Inertial Reference Frames
Newton's First Law states that an object at rest remains at rest, and an object in motion remains in motion at a constant velocity, unless acted upon by a net external force. This property of matter to resist changes in its motion is known as Inertia.
This law is valid only in Inertial Reference Frames—frames that are not accelerating. If you are in a car that brakes suddenly, you feel thrown forward. This is not a real force pushing you; it is your inertia attempting to maintain your velocity while the reference frame (the car) decelerates underneath you.
Equilibrium
When the sum of all forces acting on a system is zero, the system is in equilibrium.

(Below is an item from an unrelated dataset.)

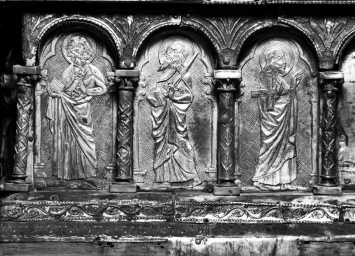 | Keywords: Flemish - Shrine of Saint Amandus - Walters 539 - Detail A.jpg This large church-shaped shrine once housed the relics of a 7th-century saint who served as a missionary and bishop to the western regions of present-day Belgium St Amandus d 679 also established a monastery at Elnon near Tournai western Belgium where the monks later commissioned this reliquary to honor his remains The shrine of St Amandus ornamented with silver columns and gilded apostles was the focus of a strong local cult visited by pilgrims who came for healing or in thanks for prayers answered Given its large size and popularity the shrine was probably placed upon a platform supported by columns behind the main altar for year-round veneration early 13th century with later additions Medieval wood oak gilded copper silver brass champlevé enamel cloisonné enamel rock crystal and semiprecious stones H at top of finials 19 1/4 x W 25 1/4 x D 11 15/16 in 48 9 x 64 14 x 30 32 cm accession number 53 9 22284 Brimo de Laroussilhe Paris date and mode of acquisition unknown Henri Daguerre Paris date and mode of acquisition unknown Henry Walters Baltimore September 3 1930 by purchase Walters Art Museum Henry Walters Acquired by Henry Walters 1930 Transcription In black enamel on gilt copper strips placed along the base of the roof-like lid IN ISTA CAPSA SVNT SEQVENTES RELIQ VIA E B EATI AMANDI EP ISCOPU S; Translation In this reliquary are the following relics of the blessed Bishop Amandus; Transcription In black enamel on gilt copper strip placed along the base of the roof-like lid PROESENTIS COMPOSITIVS Reliquaries and Ritual Medieval Objects of Devotion The Walters Art Gallery Baltimore 1984-1985 The Book of Kings Art War and the Morgan Library's Medieval Picture Bible The Walters Art Museum Baltimore; Academy of the Arts Easton Easton; Princeton University Art Museum Princeton; The Mitchell Gallery Annapolis; Williams College Museum of Art Williamstown 2002 The Special Dead A Medieval Reliquary Revealed The Walters Art Museum Baltimore 2008-2009 Treasures of Heaven The Cleveland Museum of Art Cleveland; The Walters Art Museum Baltimore; The British Museum London 2010-2011 place of origin Elnone Monastery in Tournai Belgium Walters Art Museum license Reliquary chest of Saint Amand Media contributed by the Walters Art Museum needs category review |

- Static Equilibrium: The object is at rest ($v = 0, a = 0$).
- Dynamic Equilibrium: The object is moving at a constant velocity ($v \neq 0, a = 0$).
Mathematic Condition for Equilibrium:
\sum \vec{F} = 0 \quad \Rightarrow \quad \sum Fx = 0, \; \sum Fy = 0
Newton's Second Law: The Fundamental Equation
While the First Law defines the condition for zero acceleration, the Second Law describes what happens when forces are unbalanced.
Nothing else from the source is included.